The variables specified by the by_vars argument are expected.

dataset_add

Additional dataset

The variables specified by the by_vars, the dtc, and the order argument are expected.

by_vars

Grouping variables

The input dataset and the selected observations from the additional dataset are merged by the specified by variables. The by variables must be a unique key of the selected observations.

Permitted Values: list of variables created by vars()

order

Sort order

If the argument is set to a non-null value, for each by group the first or last observation from the additional dataset is selected with respect to the specified order. The imputed date variable can be specified as well (see examples below).

Please note that NA is considered as the last value. I.e., if a order variable is NA and mode = "last", this observation is chosen while for mode = "first" the observation is chosen only if there are no observations where the variable is not 'NA'.

Default: NULL

Permitted Values: list of variables or desc(<variable>) function calls created by vars(), e.g., vars(ADT, desc(AVAL) or NULL

new_vars_prefix

Prefix used for the output variable(s).

A character scalar is expected. For the date variable "DT" is appended to the specified prefix and for the date imputation flag "DTF". I.e., for new_vars_prefix = "AST" the variables ASTDT and ASTDTF are created.

filter_add

Filter for additional dataset (dataset_add)

Only observations fulfilling the specified condition are taken into account for merging. If the argument is not specified, all observations are considered.

Default: NULL

Permitted Values: a condition

mode

Selection mode

Determines if the first or last observation is selected. If the order argument is specified, mode must be non-null.

If the order argument is not specified, the mode argument is ignored.

Default: NULL

Permitted Values: "first", "last", NULL

dtc

The '--DTC' date to impute

A character date is expected in a format like yyyy-mm-dd or yyyy-mm-ddThh:mm:ss. Trailing components can be omitted and - is a valid "missing" value for any component.

date_imputation

The value to impute the day/month when a datepart is missing.

A character value is expected, either as a

  • format with month and day specified as "mm-dd": e.g. "06-15" for the 15th of June (The year can not be specified; for imputing the year "first" or "last" together with min_dates or max_dates argument can be used (see examples).),

  • or as a keyword: "first", "mid", "last" to impute to the first/mid/last day/month.

The argument is ignored if highest_imputation is less then "D".

Default: "first"

flag_imputation

Whether the date imputation flag must also be derived.

If "auto" is specified, the date imputation flag is derived if the date_imputation argument is not null.

Default: "auto"

Permitted Values: "auto", "date" or "none"

min_dates

Minimum dates

A list of dates is expected.
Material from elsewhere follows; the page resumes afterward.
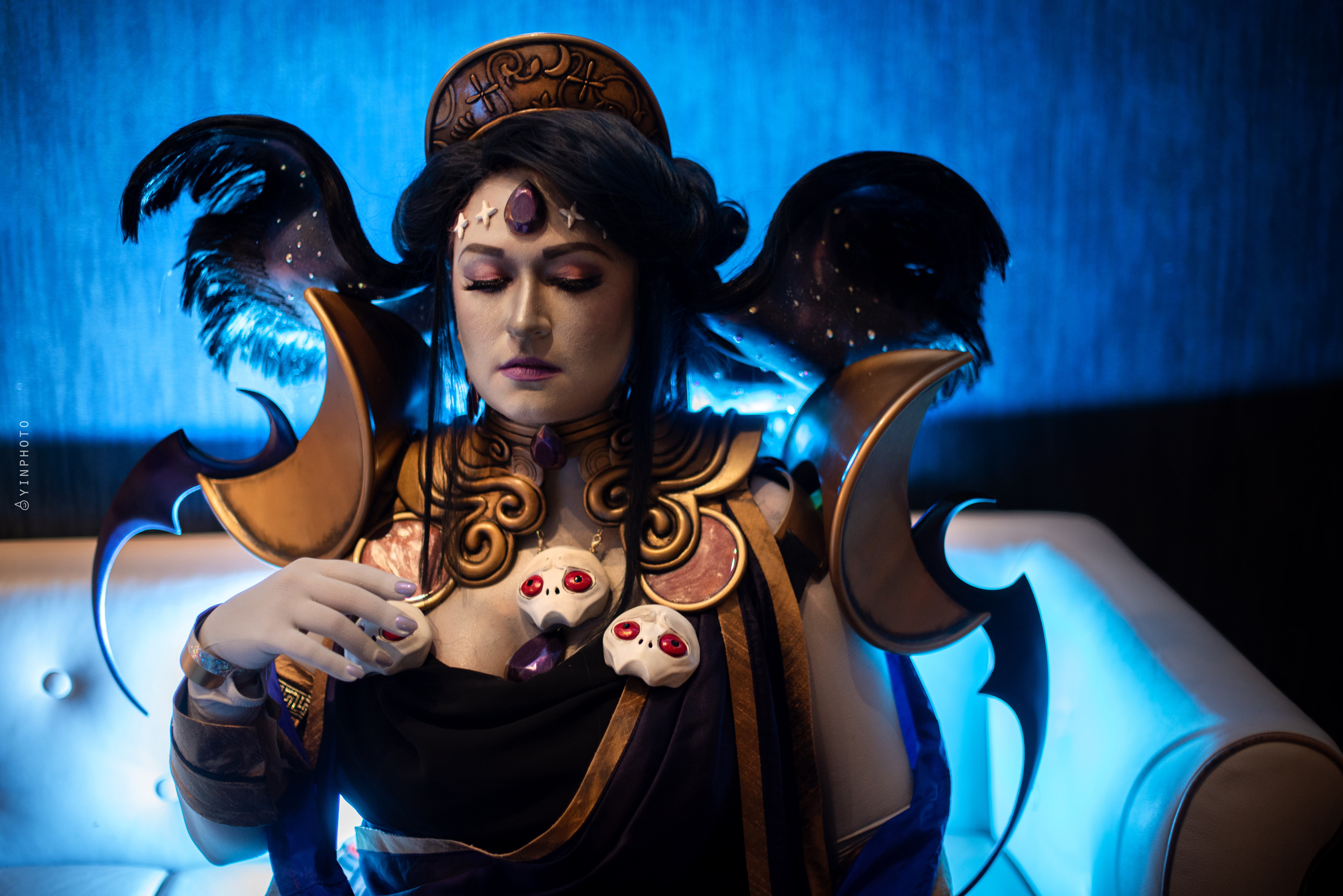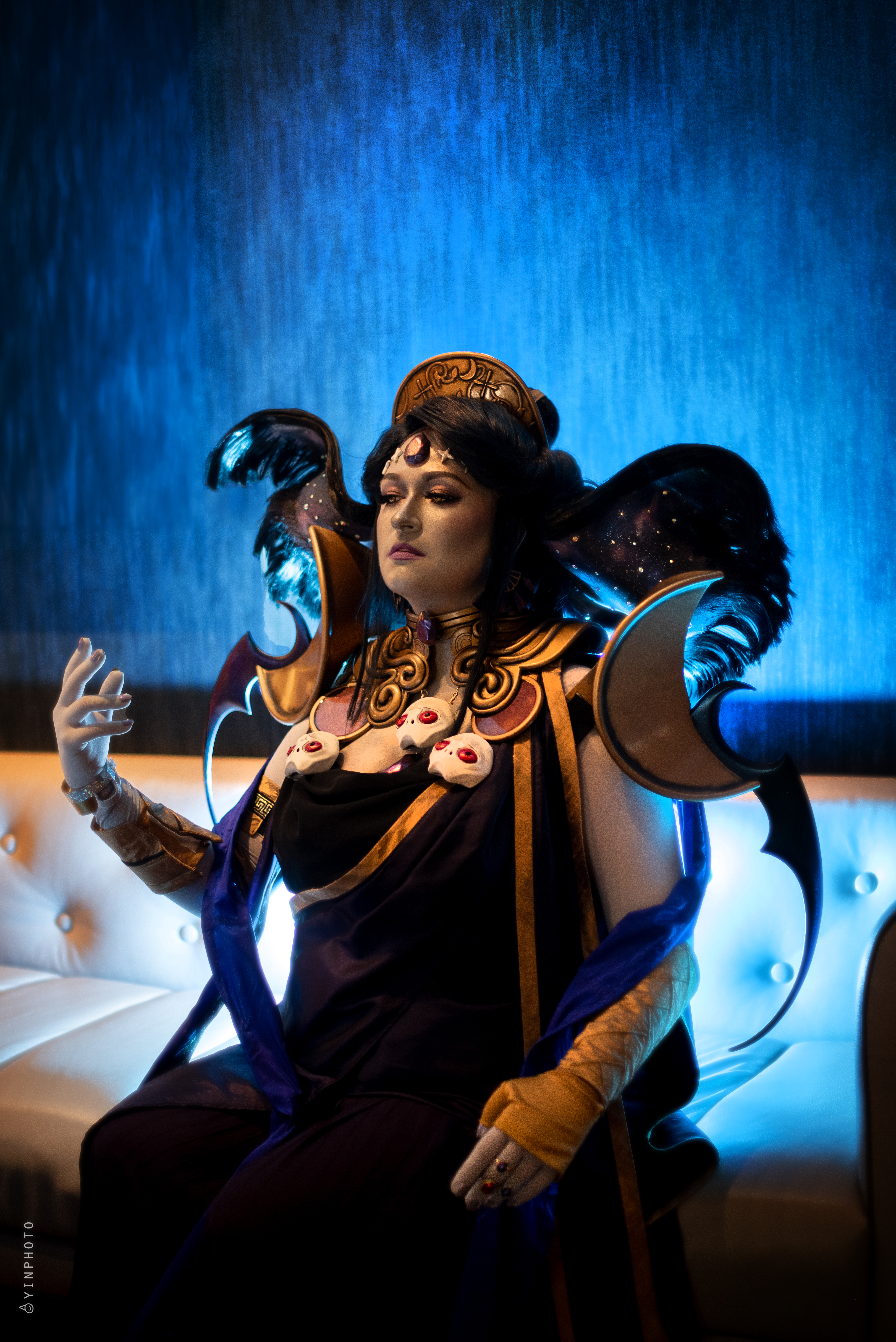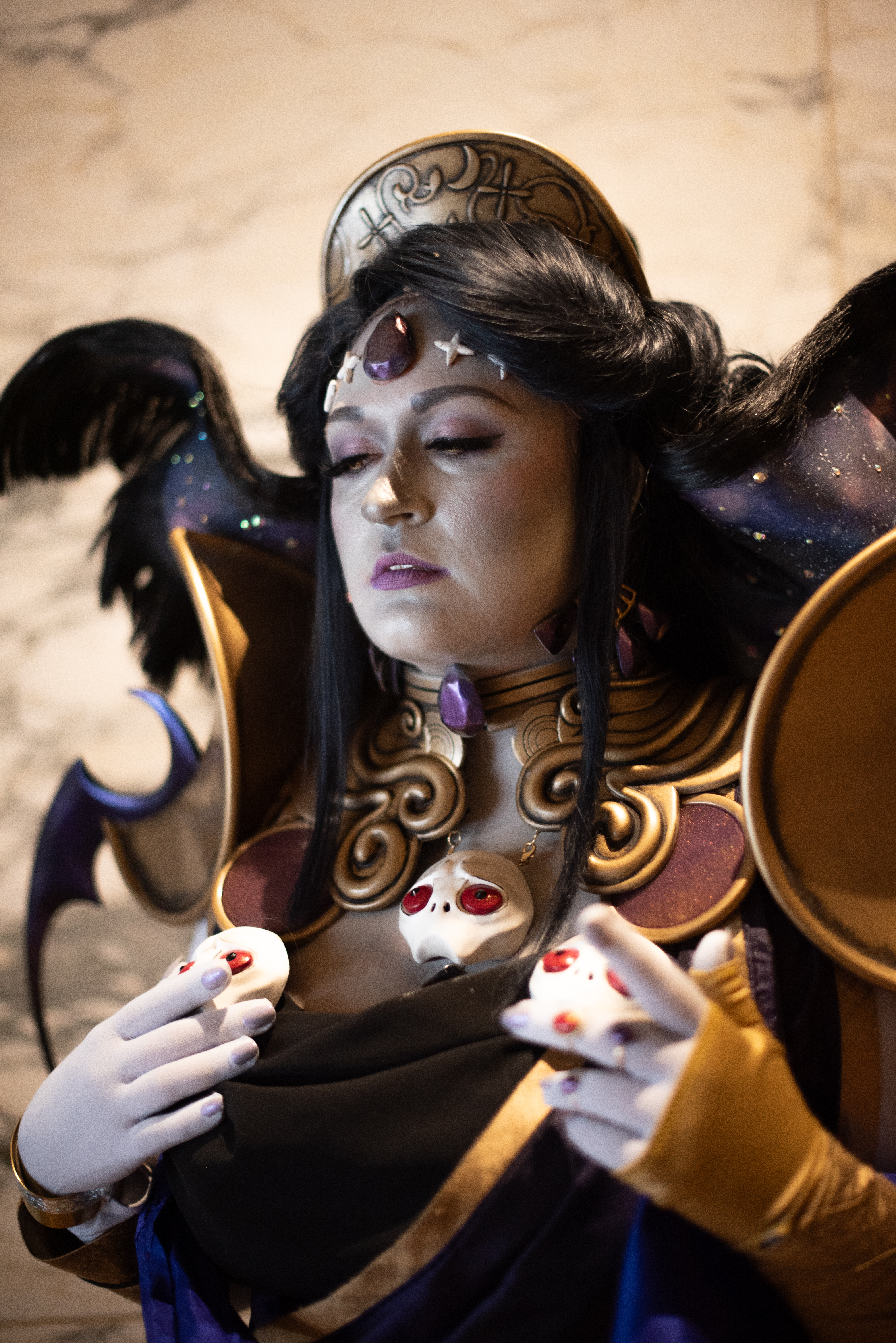 The wig was an absolute beast. I leaned heavily on MalindaChan’s Nyx tutorial for this one, so I won’t rehash too many details beyond what I did differently. For my base wigs, I dyed a base light blonde lace front wig black and then hand sewed wefts from an Arda Delilah for length. I wanted the batwing to lean into the galaxy vibes of the character art. The structure is made up of a translucent foam with fairy lights glued in, wire, and Worbla for additional support. Black felt is adhered on top of the Worbla to create a base to glue the wefts on. For the underside, I hand painted the galaxy design with acrylics and added rhinestones. Wefts were also glued around the edges to blend out the edges.
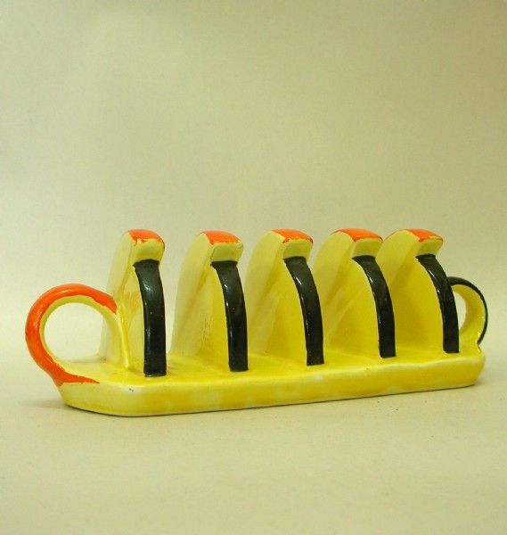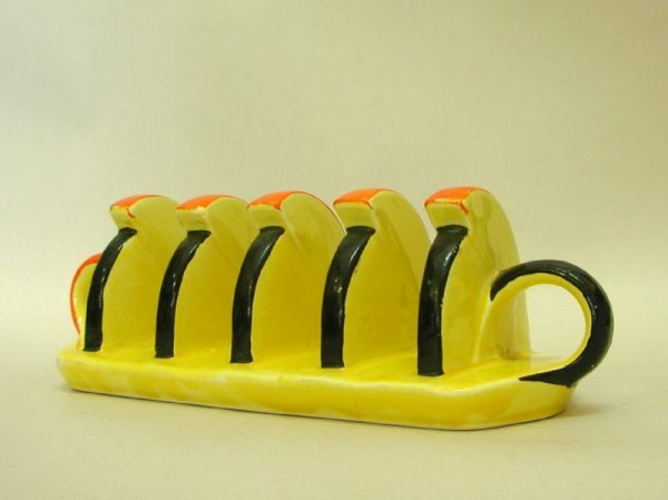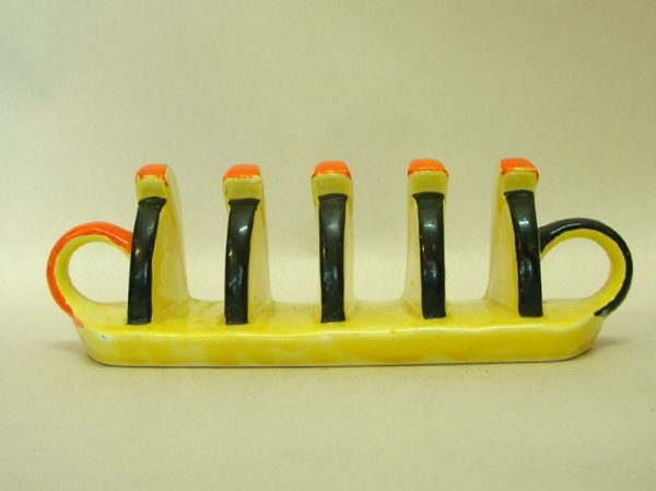 Art Deco hand painted Carlton Ware toast rack, in bold yellow, orange and black.

It is ensured that the imputed date is not before any of the specified dates, e.g., that the imputed adverse event start date is not before the first treatment date. Only dates which are in the range of possible dates of the dtc value are considered. The possible dates are defined by the missing parts of the dtc date (see example below). This ensures that the non-missing parts of the dtc date are not changed. A date or date-time object is expected. For example

impute_dtc_dtm(
  "2020-11",
  min_dates = list(
   ymd_hms("2020-12-06T12:12:12"),
   ymd_hms("2020-11-11T11:11:11")
  ),
  highest_imputation = "M"
)

returns "2020-11-11T11:11:11" because the possible dates for "2020-11" range from "2020-11-01T00:00:00" to "2020-11-30T23:59:59". Therefore "2020-12-06T12:12:12" is ignored. Returning "2020-12-06T12:12:12" would have changed the month although it is not missing (in the dtc date).

max_dates

Maximum dates

A list of dates is expected. It is ensured that the imputed date is not after any of the specified dates, e.g., that the imputed date is not after the data cut off date. Only dates which are in the range of possible dates are considered. A date or date-time object is expected.

preserve

Preserve day if month is missing and day is present

For example "2019---07" would return "2019-06-07 if preserve = TRUE (and date_imputation = "MID").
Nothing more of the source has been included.